Quindi, se ciascuno vive nelle proprie Scritture come nella propria casa, inconfondibile e non intercambiabile, esiste una
“comunanza” e una “parentela” che stabiliscono un contatto inevitabile. Certo, vi è una
spiegazione dei motivi per cui esiste un rapporto speciale tra ebraismo e cristianesimo: si tratta della comune visione
delle Scritture come un testo rivelato ma scritto da uomini e quindi necessariamente soggetto a continua e sempre più
profonda interpretazione.
È caratteristica delle due religioni aver prodotto una sterminata, interminata e interminabile esegesi biblica – sia
pure diversamente declinata – nella coscienza dell’inesauribilità del significato delle Scritture, da scavare e
ricercare in strati sempre più profondi. E si badi che questa idea della continua e inesauribile tensione verso il significato
profondo del messaggio contenuto nelle Scritture è il fondamento caratteristico della centralità della ragione
nell’esperienza religiosa, perché l’esegesi è, in primo luogo, una manifestazione di pensiero razionale.
Qui si manifesta la possibilità di un rapporto e di una coesistenza tra ragione e fede religiosa. Quando si parla di specificità
della civiltà europea, quella stessa che ha consentito lo sviluppo del pensiero razionale accanto alla dimensione spirituale
e religiosa, essa va ricercata proprio nel principio di quella coesistenza.
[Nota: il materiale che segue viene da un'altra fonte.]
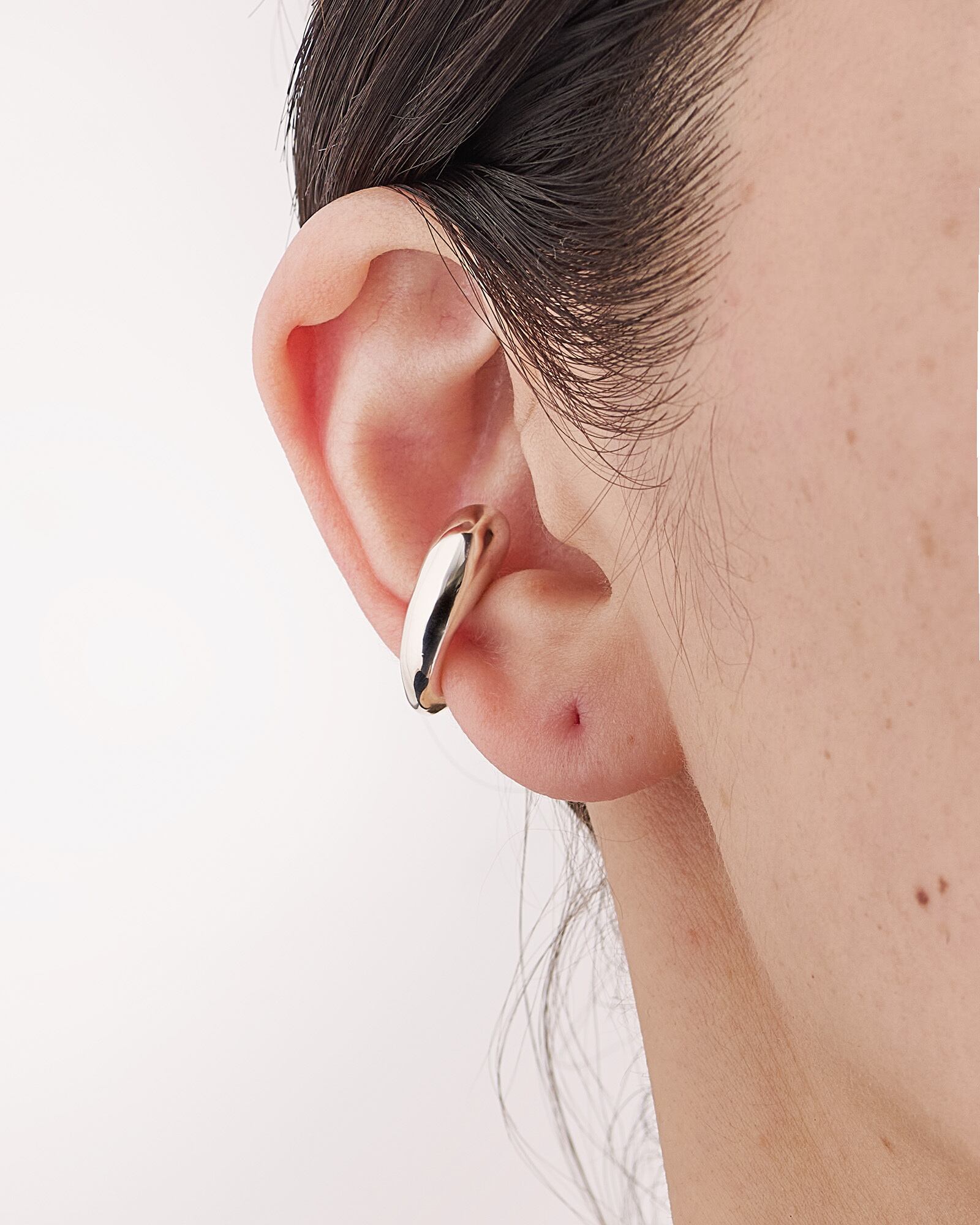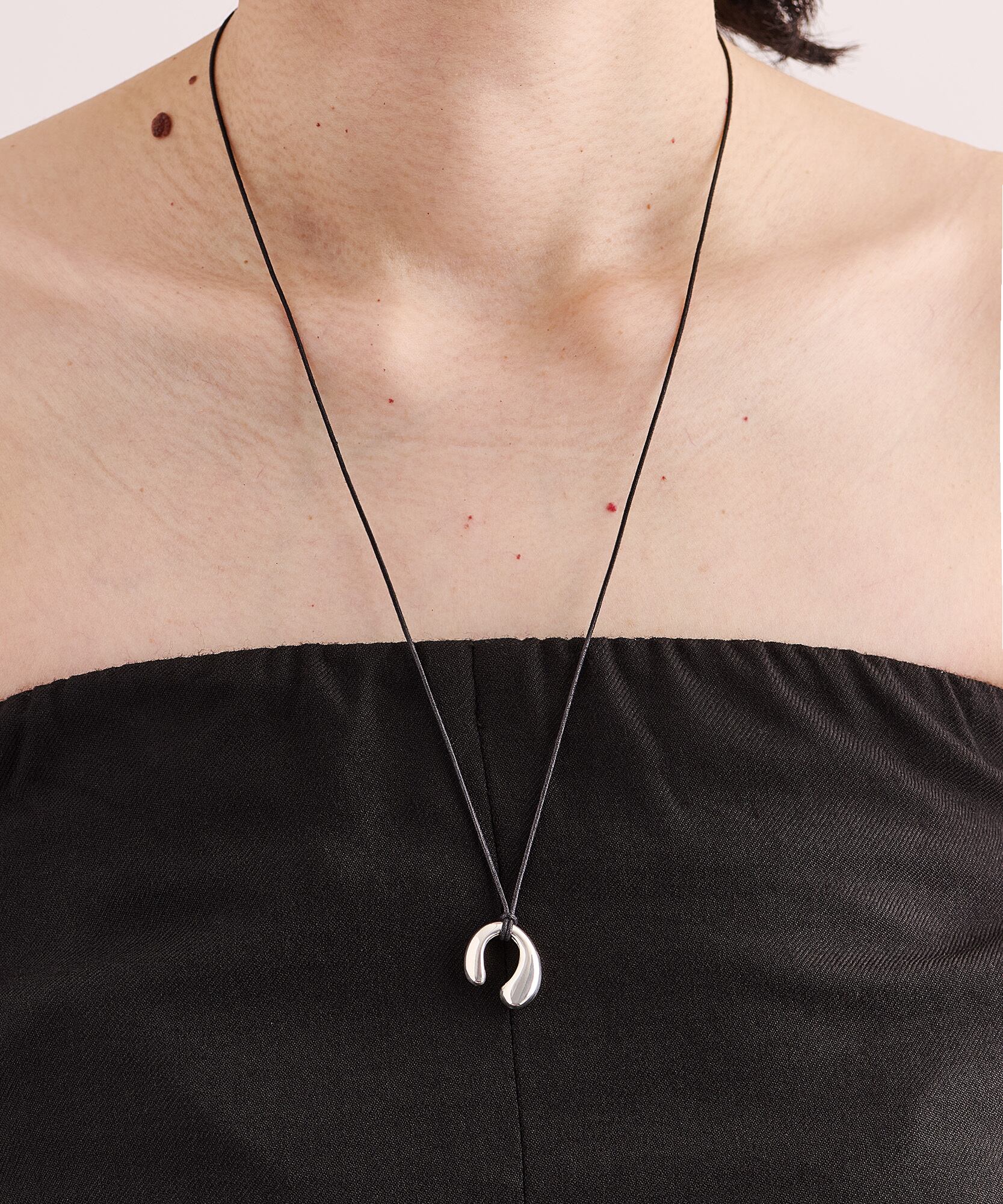 自然がつくるやわらかな曲線を生かし、有機的な丸みのあるデザインがモチーフのネックレス。こちらのモチーフは、紐から外すとイヤカフとしても使用できます。

Di qui deriva l’importanza e la grande intuizione che ha sorretto il documento del 2001 su Il popolo ebraico e le
sue Sacre Scritture nella Bibbia cristiana della Pontificia Commissione Biblica su ispirazione dell’allora Cardinale
Ratzinger. Dopo la grande svolta che la Nostra Aetate ha prodotto nei rapporti tra ebraismo e cristianesimo cattolico,
l’aver affrontato il tema dei rapporti tra le Scritture delle due religioni, prima in questo documento e poi nel libro
Gesù di Nazaret di Benedetto XVI, senza sincretismi e confusioni ma senza il timore di toccare anche le questioni
teologiche, è stato un progresso straordinario. Come ha scritto il rabbino Jacob Neusner – autore
dell’ormai celebre libro A Rabbi talks with Jesus – «negli ultimi due secoli il dialogo ebraico-cristiano è
servito come mezzo per politiche di conciliazione sociale, non è stato più un’indagine religiosa sulle convinzioni
dell’altro. […]
Col libro Gesù di Nazaret le dispute ebraico- cristiane entrano in una nuova era. Siamo ora in grado di incontrarci gli uni
e gli altri in un promettente esercizio di ragione e di critica». L’opera straordinaria e così strettamente collegata e
coerente di Giovanni Paolo II e di Benedetto XVI ha prodotto un grande progresso rispetto alla generale dichiarazione di
amicizia, rispetto e volontà di gettarsi dietro le spalle un triste passato contenuta nella Nostra Aetate, Si tratta
dell’affermazione che l’Antico Testamento è fondamentale per il cristianesimo perché, ove esso se ne
congedasse, decreterebbe il suo dissolvimento; che la divisione sul tema del messianismo e della divinità di Cristo deve
essere depurato di tutte quelle forme di ostilità che conducono all’antigiudaismo; e della tesi che il rapporto tra le
due religioni deve fondarsi su questo patrimonio comune. La visita di Benedetto XVI al Tempio Maggiore di Roma sarà un
evento straordinario che suggellerà ulteriormente questo percorso di ormai mezzo secolo, la cui enorme importanza
storica può misurarsi soltanto guardando indietro ai duemila anni precedenti. Deve essere un guardare indietro non per
indugiarvi ma per trarre stimolo, apprezzando il cammino percorso, ad andare avanti con decisione e senza timore. Chi
ha certezza nelle proprie convinzioni e nella propria fede non può nutrire timori di sorta. Occorre puntare sulla speranza
che il progresso dello storico incontro tra ebraismo e cristianesimo costituisca un modello per un dialogo con altre
religioni, il quale suggerisca le vie per superare anche le più grandi difficoltà. È difficile negare che la via principale
consista nel porre al centro il rapporto tra ragione critica e fede che ha consentito di raggiungere così significativi risultati:
perché è per tale via che l’integralismo può essere sconfitto.